Containers in restarting mode are still reported but the timestamp falls outside of retention policy... #3383

crazycodr · 2017-10-24T12:37:00Z

Bug report

I just started using the TICK stack in favor of our old Prometheus stack and found this. When you have a container that is stuck in restarting mode.
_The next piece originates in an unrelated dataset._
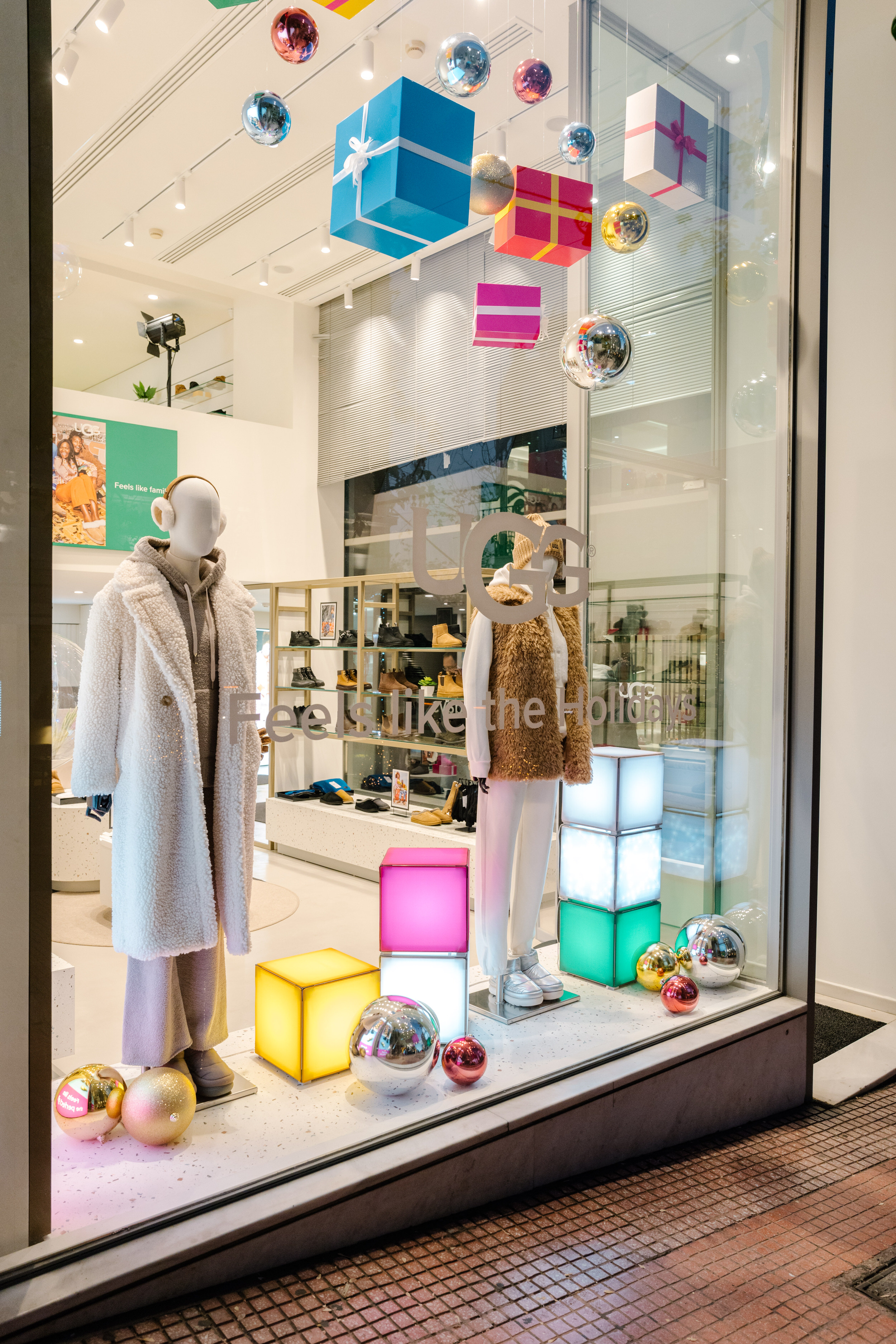 Ολα βασίστηκαν στην ιδέα της τρέχουσας Χριστουγεννιάτικης καμπάνιας του Οίκου «Feels Like The Holidays’», οπότε και ολόκληρο το κατάστημα μεταμορφώθηκε σε ένα γιορτινό σκηνικό. Στο ισόγειο του καταστήματος, η λαμπερή βιτρίνα με τις πολύχρωμες μπάλες και τις μπότες πρωταγωνιστές της φετινής σεζόν (Classic Ultra Mini / Classic Mini Platform / Classic Ultra Mini Platform / Neumel Platform / Classic Maxi Ultra Tall / Classic Maxi Mini), αποτέλεσε την απόλυτη είσοδο για το Χριστουγεννιάτικο event εντός του καταστήματος.
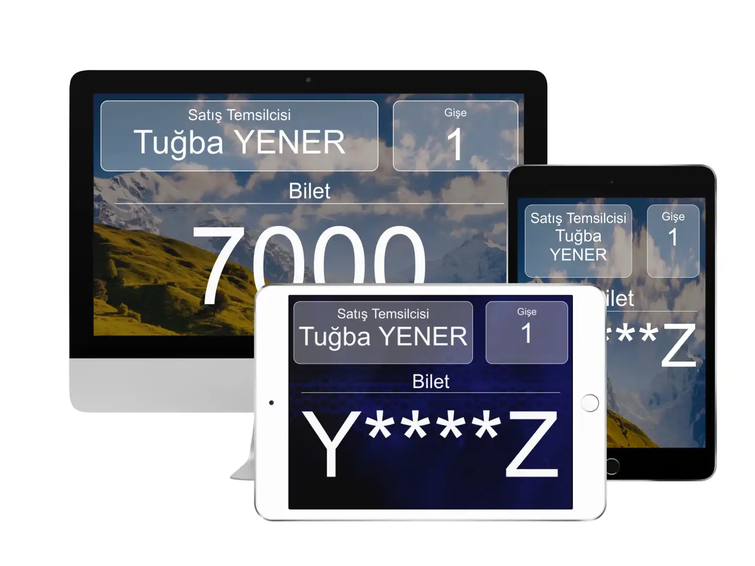 Bilet nömrəsinə ənənəvi növbə idarəetmə sistemlərində olduğu kimi baxa və ya müştərilərinizin adını, soyadını, ləqəbini, dövlət nömrə nişanını və ya vergi nömrəsini ekranlarda göstərə bilərsiniz.

Telegraf docker plugin generates points that fall outside my already pretty wide retention policy (180d) which probably means it is sending a timestamp that is extremely low or maybe even a 0 value.

Relevant telegraf.conf:

Nothing special, just:

Ensure docker plugin is scanning for metrics
Ensure you are sending your data to an influxdb

System info:

Ubuntu 16.04 LTS: 4.4.0-66-generic
Docker version 1.12.6, build 78d1802
Telegraf (running from docker) using "telegraf:alpine"

Steps to reproduce:

Create a docker environment where
1.1. a container is stuck in restarting mode (a custom container that fails to start because there is an error in the docker-entrypoint.sh usually does the trick)
1.2. an influxdb is running
1.3. a telegraf with docker plugin is active (no special config)
Let telegraf run, you should eventually get "Points beyond retention policy: Response Error: Status Code [400], expected [204]"
Stop the container that is in restarting mode, you will stop getting warnings about points beyond retention policy

Expected behavior:

You should not be submitting points that result in an invalid timestamp

Actual behavior:

You are submitting points that result in an invalid timestamp which generates error messages

crazycodr · 2017-10-24T12:38:26Z

To be noted, it is actually ironic, but my stuck in restart mode container is my prometheus container that i was trying to replace... LOL

danielnelson · 2017-10-24T18:30:01Z

Can you enable a file output and reproduce the error? This will let us see exactly what we are submitting to InfluxDB.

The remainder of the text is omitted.